• [Extracted information]:

=-=-=

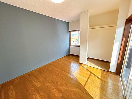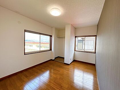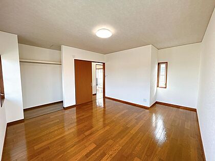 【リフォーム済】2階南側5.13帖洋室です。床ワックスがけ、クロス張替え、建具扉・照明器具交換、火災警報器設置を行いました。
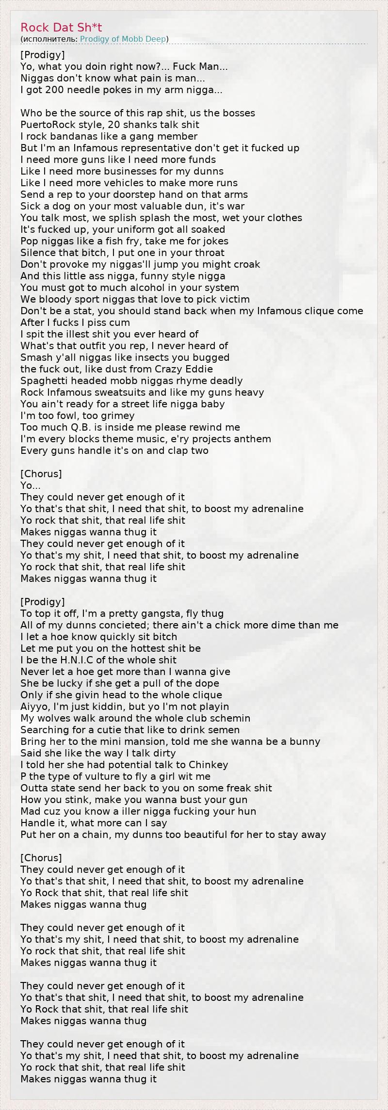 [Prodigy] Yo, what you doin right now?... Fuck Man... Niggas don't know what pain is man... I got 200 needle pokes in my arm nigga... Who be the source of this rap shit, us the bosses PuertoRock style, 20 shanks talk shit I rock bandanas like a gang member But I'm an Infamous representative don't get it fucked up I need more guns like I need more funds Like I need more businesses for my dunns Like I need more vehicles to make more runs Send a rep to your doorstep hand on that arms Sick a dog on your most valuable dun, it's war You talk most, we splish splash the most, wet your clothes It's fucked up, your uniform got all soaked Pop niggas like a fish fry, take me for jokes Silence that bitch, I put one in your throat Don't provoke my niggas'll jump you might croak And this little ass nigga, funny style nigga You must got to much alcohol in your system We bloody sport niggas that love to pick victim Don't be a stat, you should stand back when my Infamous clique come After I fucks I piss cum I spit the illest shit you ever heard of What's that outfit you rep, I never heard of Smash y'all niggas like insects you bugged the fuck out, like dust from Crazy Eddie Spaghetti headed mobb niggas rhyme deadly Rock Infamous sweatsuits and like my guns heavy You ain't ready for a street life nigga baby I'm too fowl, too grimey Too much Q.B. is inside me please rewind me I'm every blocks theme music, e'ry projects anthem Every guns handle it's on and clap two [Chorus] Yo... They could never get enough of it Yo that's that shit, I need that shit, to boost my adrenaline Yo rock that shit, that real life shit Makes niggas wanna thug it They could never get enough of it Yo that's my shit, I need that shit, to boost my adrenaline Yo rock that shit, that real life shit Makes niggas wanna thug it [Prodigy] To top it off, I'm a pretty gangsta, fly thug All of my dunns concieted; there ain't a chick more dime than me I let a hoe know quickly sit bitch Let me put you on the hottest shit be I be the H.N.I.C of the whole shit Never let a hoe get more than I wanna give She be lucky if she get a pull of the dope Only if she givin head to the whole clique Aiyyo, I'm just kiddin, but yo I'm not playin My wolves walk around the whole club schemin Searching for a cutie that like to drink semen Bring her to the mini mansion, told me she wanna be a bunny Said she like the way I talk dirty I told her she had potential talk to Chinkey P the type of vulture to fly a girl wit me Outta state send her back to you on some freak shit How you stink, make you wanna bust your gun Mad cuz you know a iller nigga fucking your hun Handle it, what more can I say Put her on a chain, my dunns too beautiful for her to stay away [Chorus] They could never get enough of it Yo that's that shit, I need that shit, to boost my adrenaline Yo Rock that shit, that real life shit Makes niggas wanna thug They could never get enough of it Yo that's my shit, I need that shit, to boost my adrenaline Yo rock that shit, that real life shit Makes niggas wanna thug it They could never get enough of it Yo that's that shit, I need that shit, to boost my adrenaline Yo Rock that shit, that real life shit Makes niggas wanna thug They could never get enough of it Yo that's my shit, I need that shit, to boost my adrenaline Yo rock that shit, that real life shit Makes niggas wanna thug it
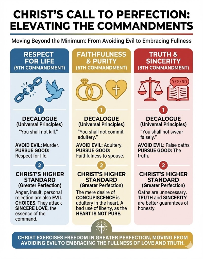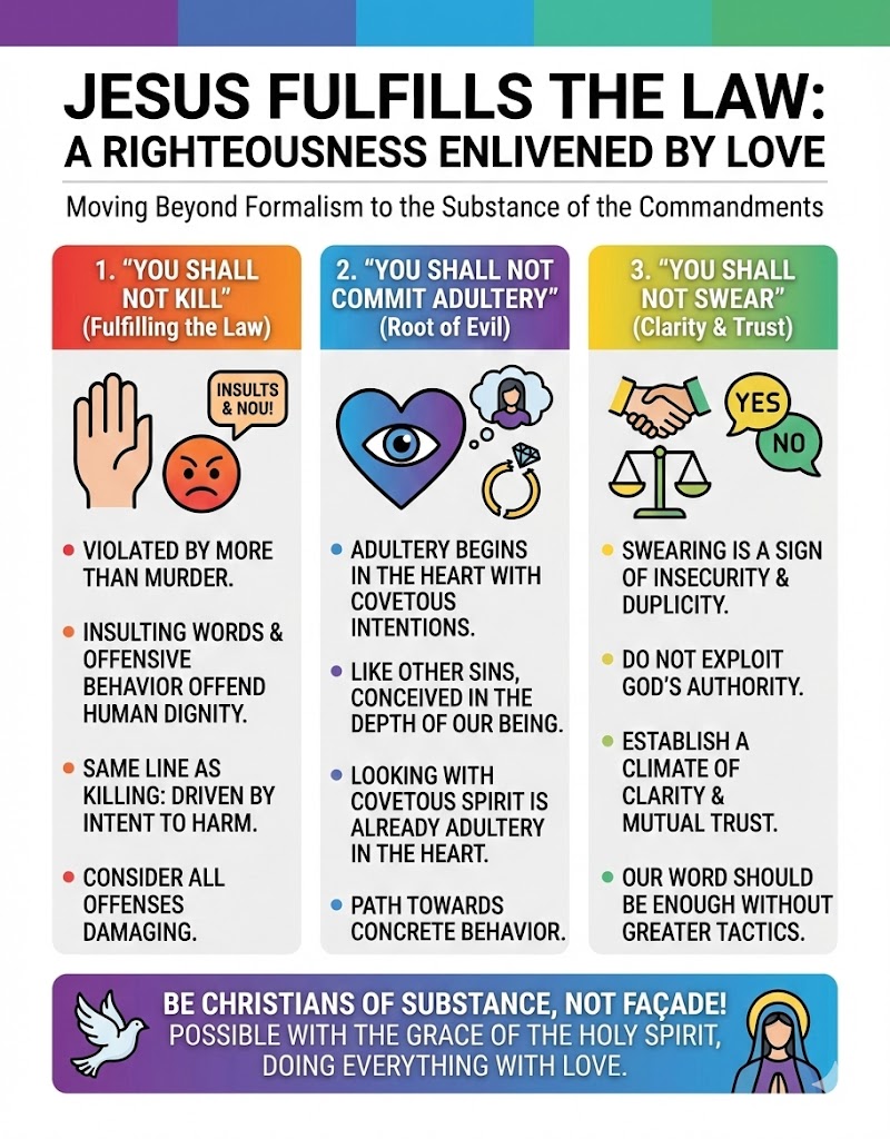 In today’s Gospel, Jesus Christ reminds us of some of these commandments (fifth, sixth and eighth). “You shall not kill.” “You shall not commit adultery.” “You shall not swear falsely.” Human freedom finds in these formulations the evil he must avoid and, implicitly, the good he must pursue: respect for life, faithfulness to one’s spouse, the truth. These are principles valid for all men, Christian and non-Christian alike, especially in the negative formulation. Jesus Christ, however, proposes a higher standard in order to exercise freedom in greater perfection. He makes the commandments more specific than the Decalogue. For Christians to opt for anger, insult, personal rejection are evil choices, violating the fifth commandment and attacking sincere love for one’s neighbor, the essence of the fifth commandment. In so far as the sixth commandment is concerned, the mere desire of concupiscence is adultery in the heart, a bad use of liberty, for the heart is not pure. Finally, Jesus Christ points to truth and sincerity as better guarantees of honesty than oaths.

=-=-=

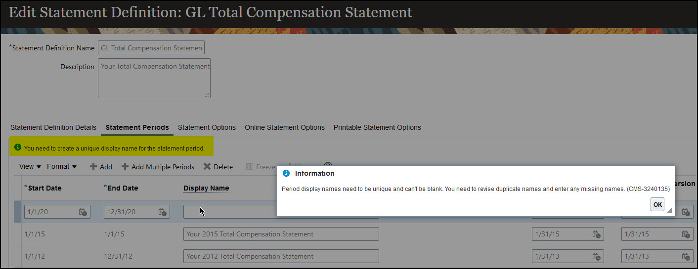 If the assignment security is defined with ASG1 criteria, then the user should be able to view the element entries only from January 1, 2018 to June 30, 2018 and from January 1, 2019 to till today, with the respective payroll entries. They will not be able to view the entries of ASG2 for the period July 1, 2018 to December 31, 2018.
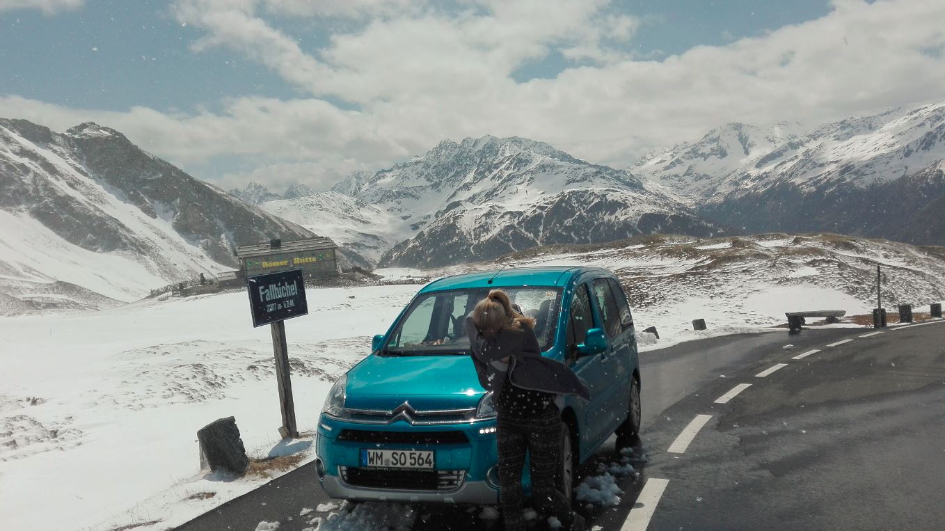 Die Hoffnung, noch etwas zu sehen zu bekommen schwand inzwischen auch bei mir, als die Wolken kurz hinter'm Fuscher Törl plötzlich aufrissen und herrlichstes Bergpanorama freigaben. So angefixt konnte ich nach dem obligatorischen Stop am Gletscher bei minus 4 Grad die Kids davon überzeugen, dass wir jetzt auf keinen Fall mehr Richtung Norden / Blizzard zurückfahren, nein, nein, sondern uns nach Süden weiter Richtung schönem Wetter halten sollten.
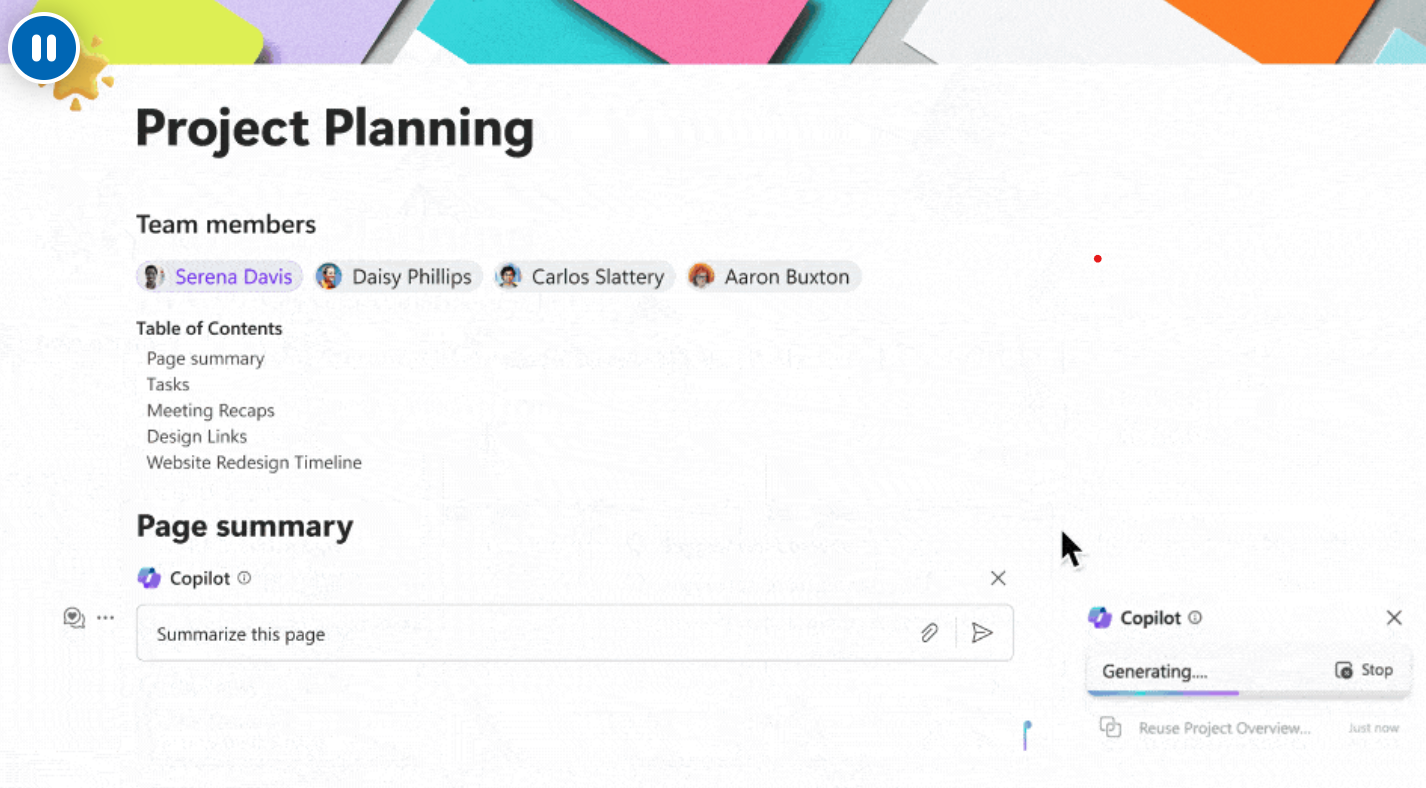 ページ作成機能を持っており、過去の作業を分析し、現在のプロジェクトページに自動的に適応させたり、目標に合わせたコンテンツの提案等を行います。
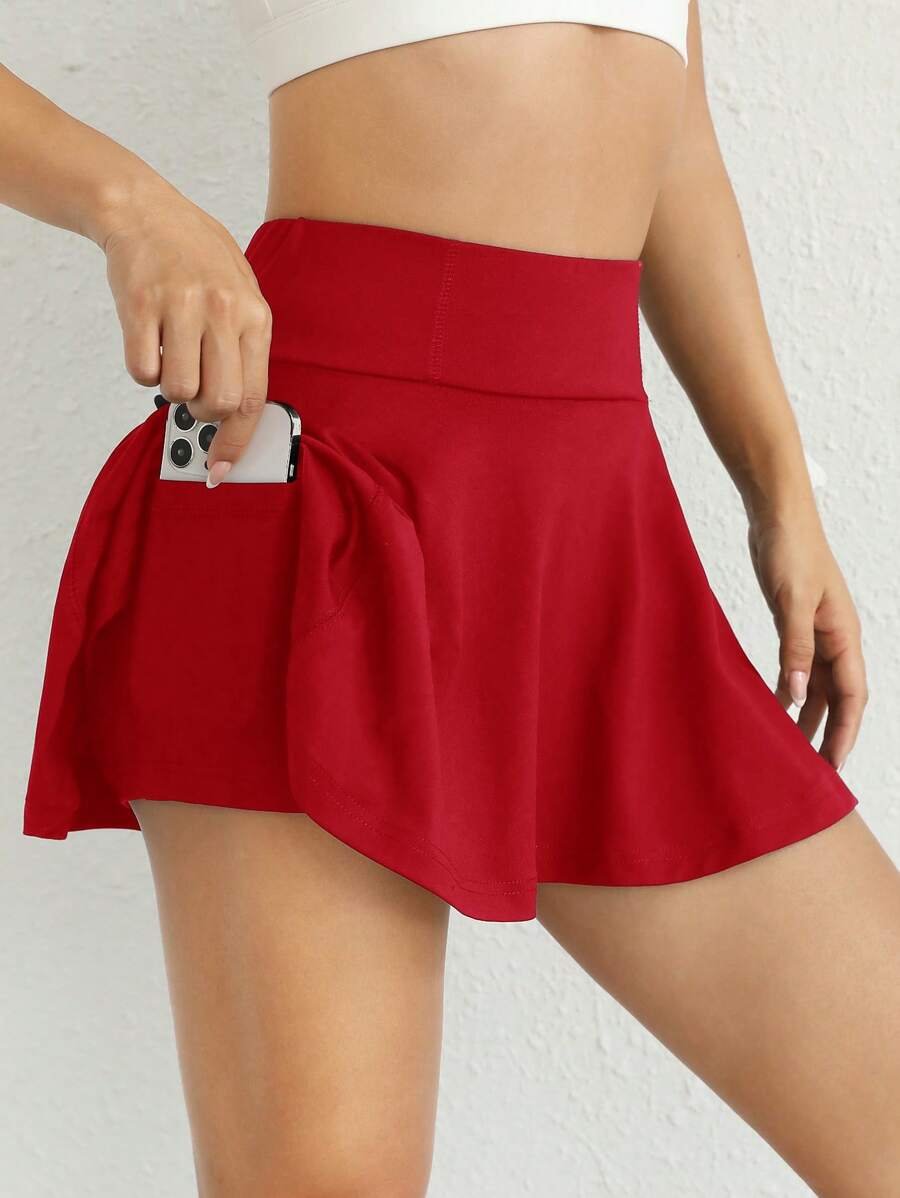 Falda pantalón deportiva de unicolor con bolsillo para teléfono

=-=-=

• [Try it]: Could you transcribe exactly the entries above, but only the lines from the one with "ページ作成機能を持っており、" through the one with "Falda pantalón deportiva", and without pictures?

• [Answer below]:
 ページ作成機能を持っており、過去の作業を分析し、現在のプロジェクトページに自動的に適応させたり、目標に合わせたコンテンツの提案等を行います。
 Falda pantalón deportiva de unicolor con bolsillo para teléfono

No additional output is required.